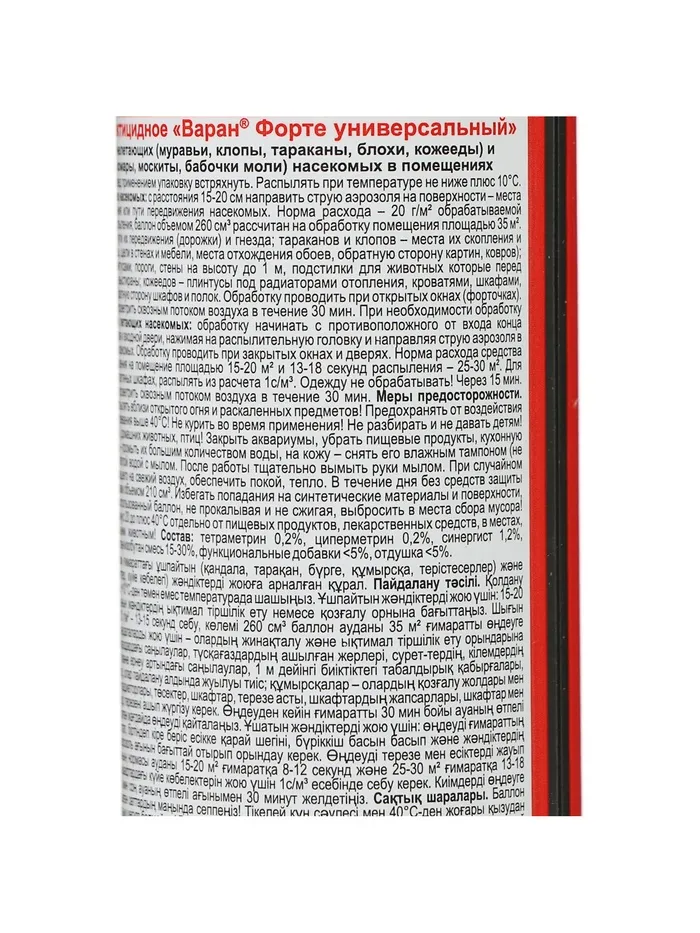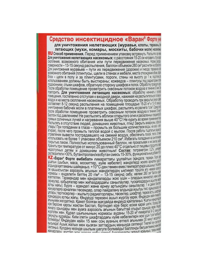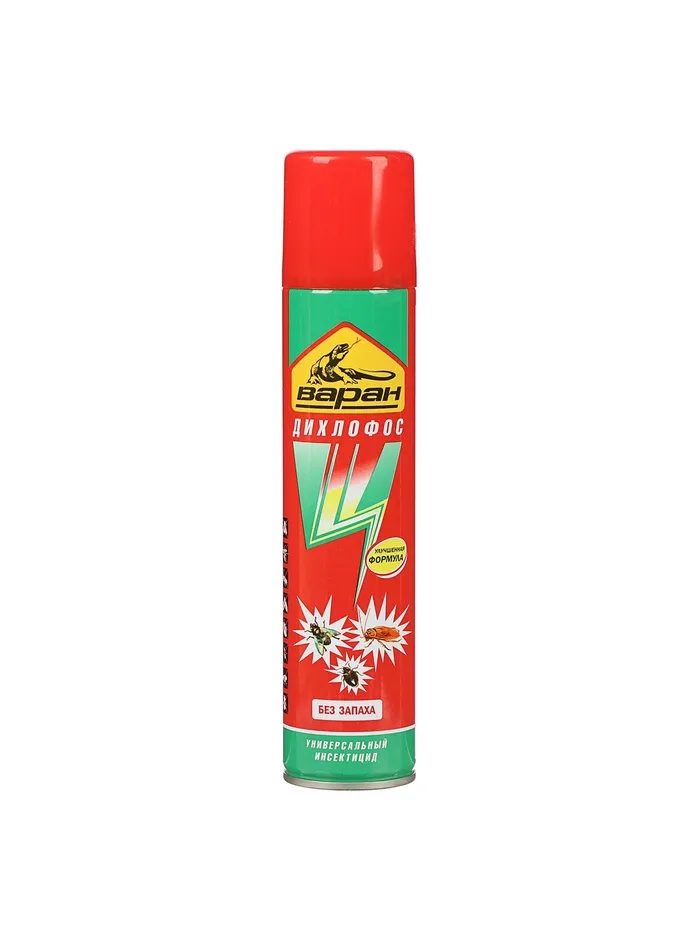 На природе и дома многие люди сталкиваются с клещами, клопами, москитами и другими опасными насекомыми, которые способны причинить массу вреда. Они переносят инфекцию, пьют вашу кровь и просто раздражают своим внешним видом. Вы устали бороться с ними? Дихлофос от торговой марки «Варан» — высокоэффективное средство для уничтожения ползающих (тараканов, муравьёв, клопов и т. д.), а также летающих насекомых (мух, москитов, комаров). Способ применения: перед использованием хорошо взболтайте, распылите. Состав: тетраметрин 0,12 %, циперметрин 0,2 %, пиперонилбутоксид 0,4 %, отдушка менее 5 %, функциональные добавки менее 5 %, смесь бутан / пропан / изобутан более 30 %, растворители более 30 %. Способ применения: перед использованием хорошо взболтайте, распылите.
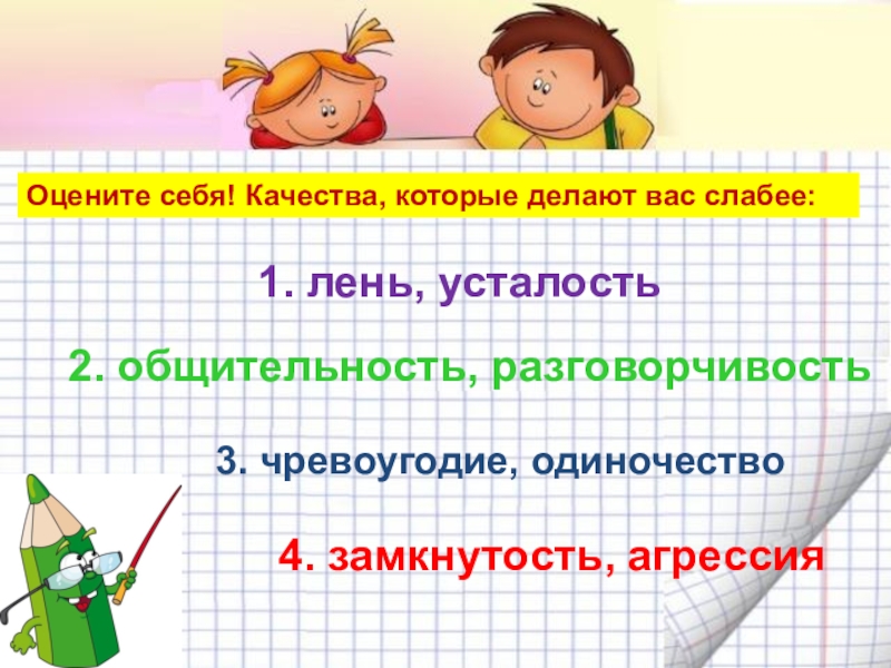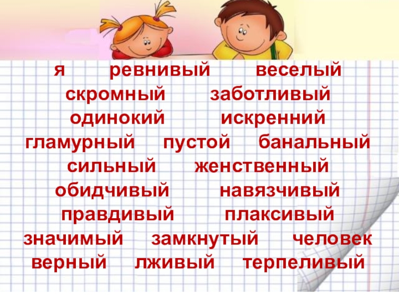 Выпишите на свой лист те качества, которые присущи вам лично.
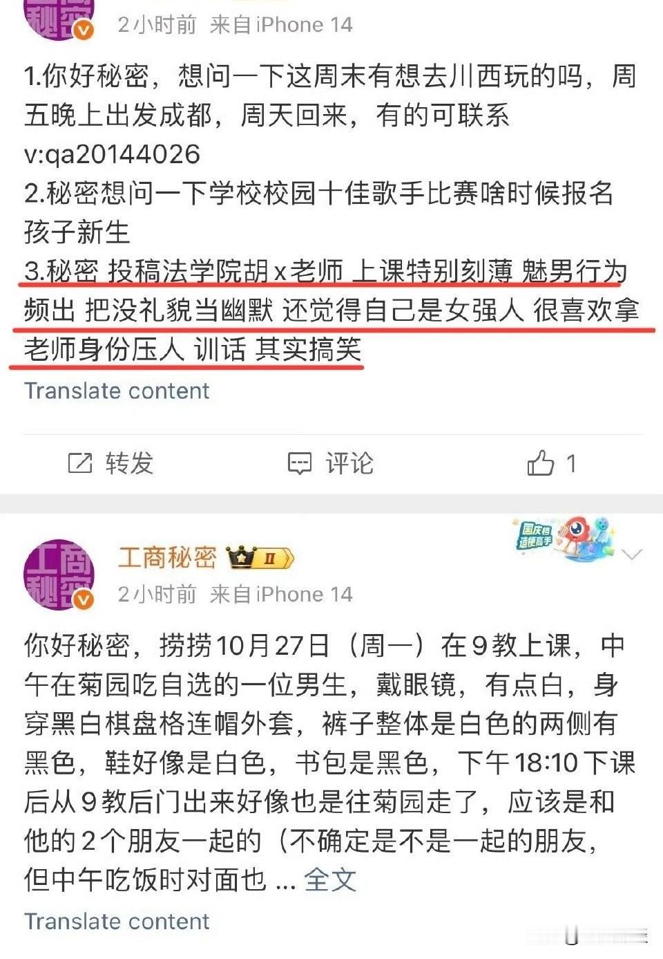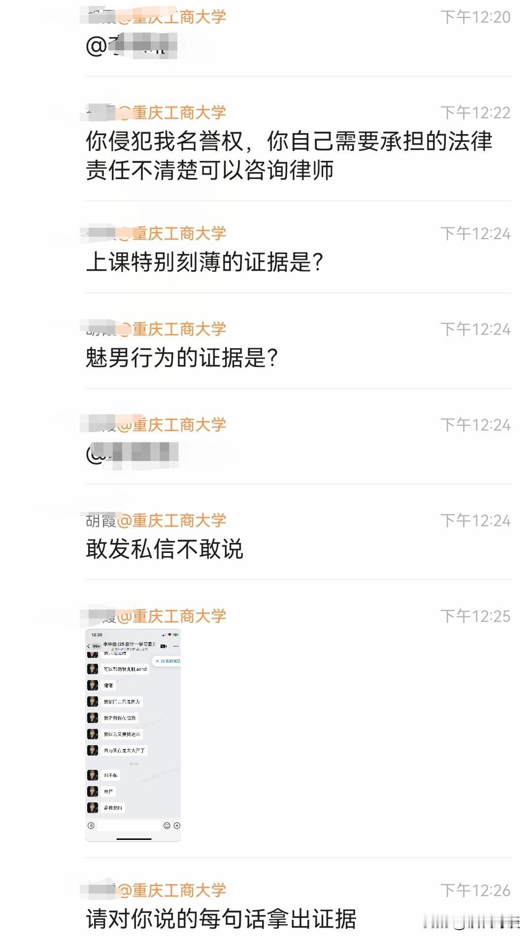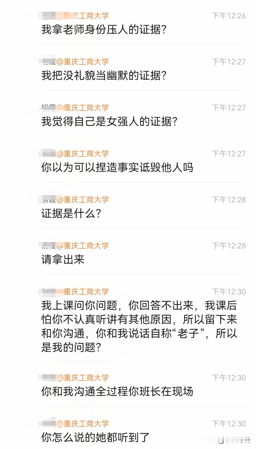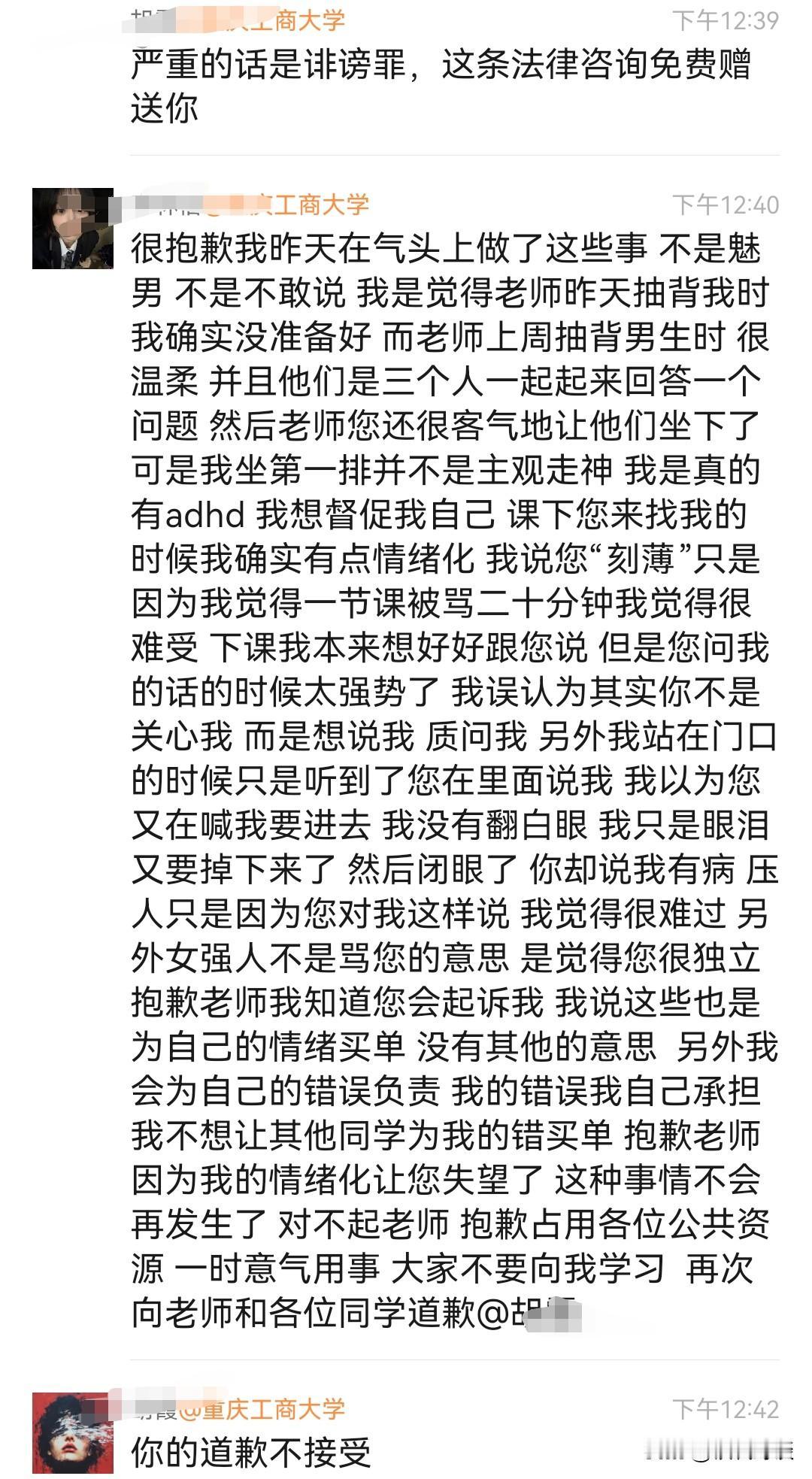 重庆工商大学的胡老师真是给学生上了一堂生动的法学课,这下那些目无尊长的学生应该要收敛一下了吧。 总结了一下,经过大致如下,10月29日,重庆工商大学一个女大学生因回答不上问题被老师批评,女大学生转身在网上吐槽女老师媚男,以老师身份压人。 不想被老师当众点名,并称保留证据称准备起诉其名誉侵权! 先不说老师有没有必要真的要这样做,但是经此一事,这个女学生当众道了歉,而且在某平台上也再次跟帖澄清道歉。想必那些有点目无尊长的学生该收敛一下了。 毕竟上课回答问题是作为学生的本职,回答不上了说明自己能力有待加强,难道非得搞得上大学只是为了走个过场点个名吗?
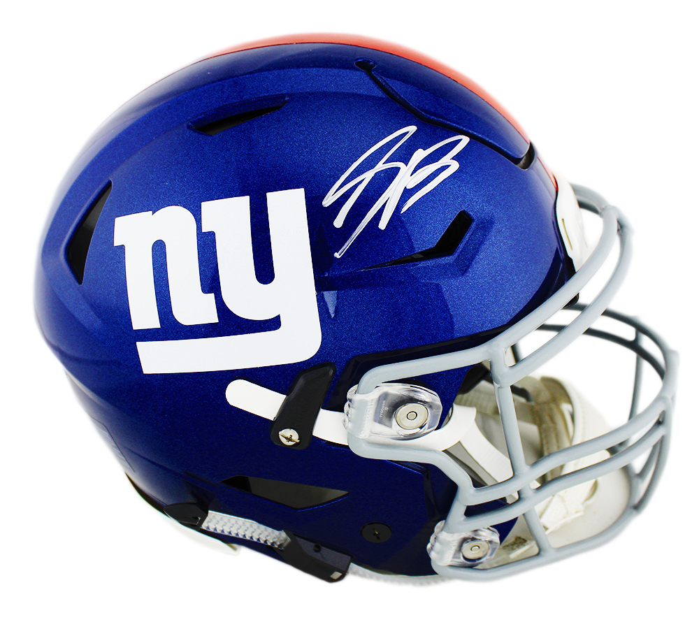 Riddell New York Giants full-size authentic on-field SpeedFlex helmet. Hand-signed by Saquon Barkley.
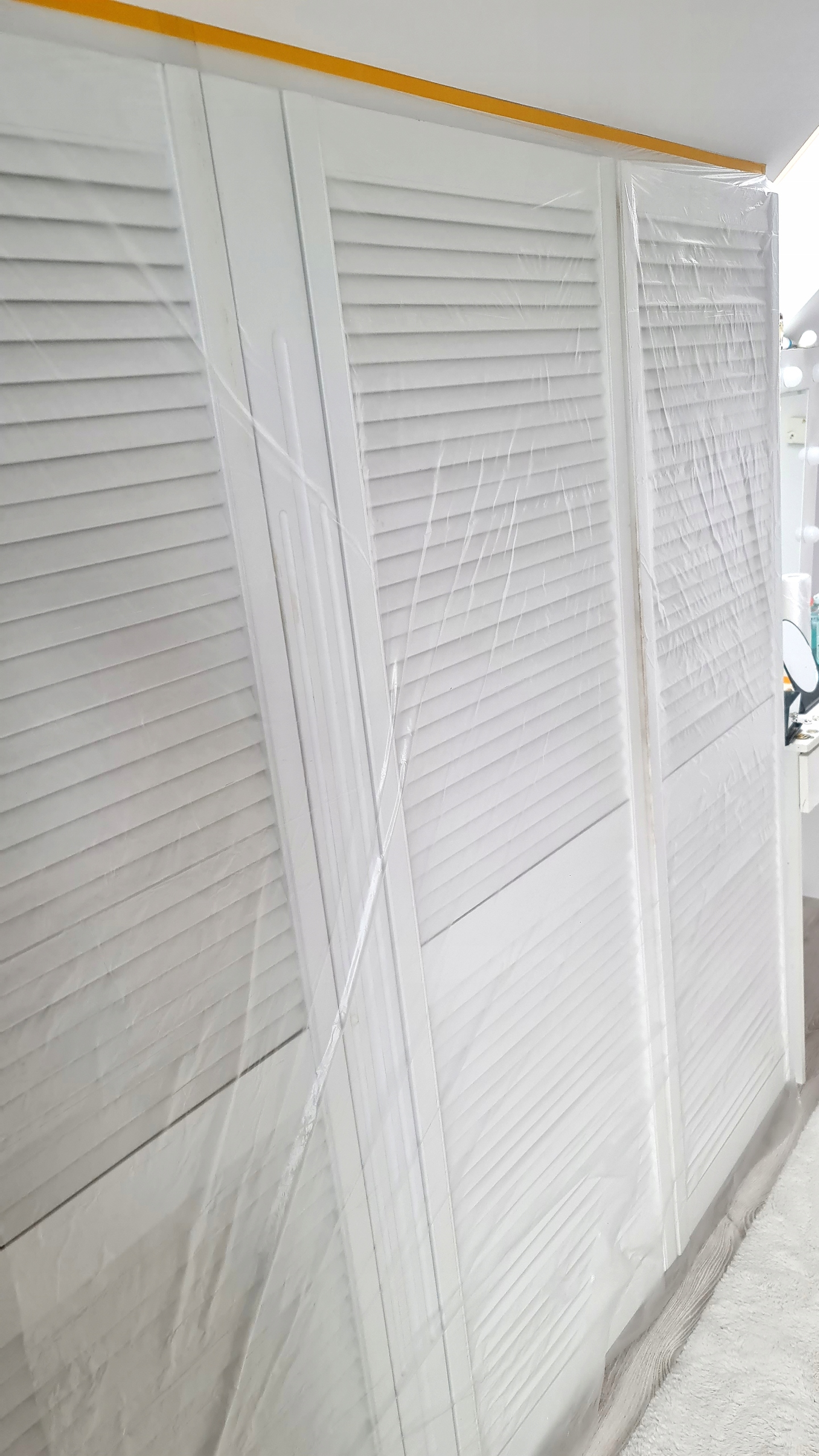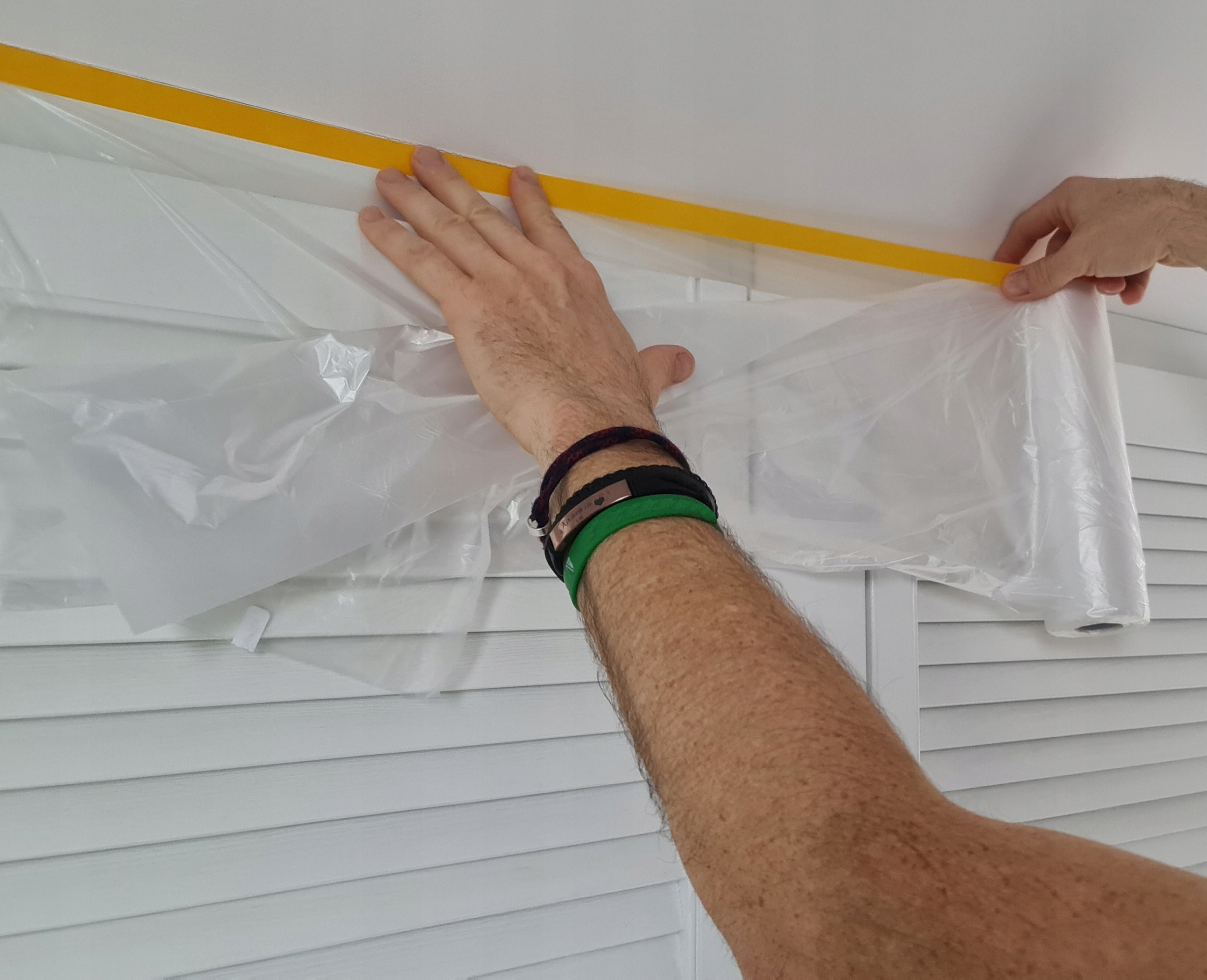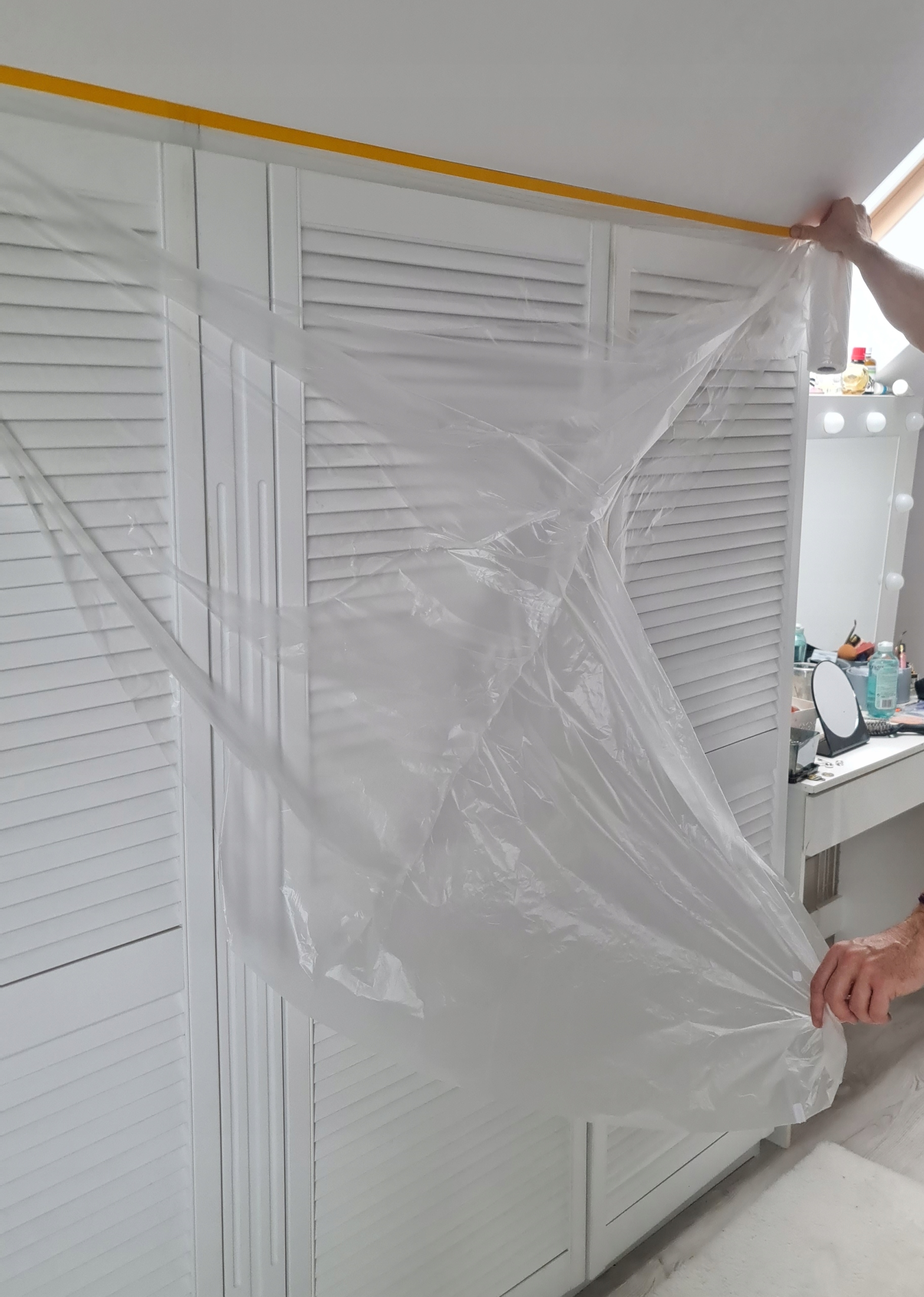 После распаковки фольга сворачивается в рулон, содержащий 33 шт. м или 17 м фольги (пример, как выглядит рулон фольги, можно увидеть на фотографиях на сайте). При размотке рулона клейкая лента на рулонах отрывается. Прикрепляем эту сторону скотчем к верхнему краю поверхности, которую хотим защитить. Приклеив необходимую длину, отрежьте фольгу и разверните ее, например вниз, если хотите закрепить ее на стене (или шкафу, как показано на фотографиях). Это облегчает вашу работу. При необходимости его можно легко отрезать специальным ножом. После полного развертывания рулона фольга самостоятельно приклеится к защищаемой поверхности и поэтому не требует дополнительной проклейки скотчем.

• **EXERCISE GOAL**
Would you copy out every line of the data above exactly, minus the pictures?

• **ANSWER FOR THIS EXERCISE**
 На природе и дома многие люди сталкиваются с клещами, клопами, москитами и другими опасными насекомыми, которые способны причинить массу вреда. Они переносят инфекцию, пьют вашу кровь и просто раздражают своим внешним видом. Вы устали бороться с ними? Дихлофос от торговой марки «Варан» — высокоэффективное средство для уничтожения ползающих (тараканов, муравьёв, клопов и т. д.), а также летающих насекомых (мух, москитов, комаров). Способ применения: перед использованием хорошо взболтайте, распылите. Состав: тетраметрин 0,12 %, циперметрин 0,2 %, пиперонилбутоксид 0,4 %, отдушка менее 5 %, функциональные добавки менее 5 %, смесь бутан / пропан / изобутан более 30 %, растворители более 30 %. Способ применения: перед использованием хорошо взболтайте, распылите.
 Выпишите на свой лист те качества, которые присущи вам лично.
 重庆工商大学的胡老师真是给学生上了一堂生动的法学课,这下那些目无尊长的学生应该要收敛一下了吧。 总结了一下,经过大致如下,10月29日,重庆工商大学一个女大学生因回答不上问题被老师批评,女大学生转身在网上吐槽女老师媚男,以老师身份压人。 不想被老师当众点名,并称保留证据称准备起诉其名誉侵权! 先不说老师有没有必要真的要这样做,但是经此一事,这个女学生当众道了歉,而且在某平台上也再次跟帖澄清道歉。想必那些有点目无尊长的学生该收敛一下了。 毕竟上课回答问题是作为学生的本职,回答不上了说明自己能力有待加强,难道非得搞得上大学只是为了走个过场点个名吗?
 Riddell New York Giants full-size authentic on-field SpeedFlex helmet. Hand-signed by Saquon Barkley.
 После распаковки фольга сворачивается в рулон, содержащий 33 шт. м или 17 м фольги (пример, как выглядит рулон фольги, можно увидеть на фотографиях на сайте). При размотке рулона клейкая лента на рулонах отрывается. Прикрепляем эту сторону скотчем к верхнему краю поверхности, которую хотим защитить. Приклеив необходимую длину, отрежьте фольгу и разверните ее, например вниз, если хотите закрепить ее на стене (или шкафу, как показано на фотографиях). Это облегчает вашу работу. При необходимости его можно легко отрезать специальным ножом. После полного развертывания рулона фольга самостоятельно приклеится к защищаемой поверхности и поэтому не требует дополнительной проклейки скотчем.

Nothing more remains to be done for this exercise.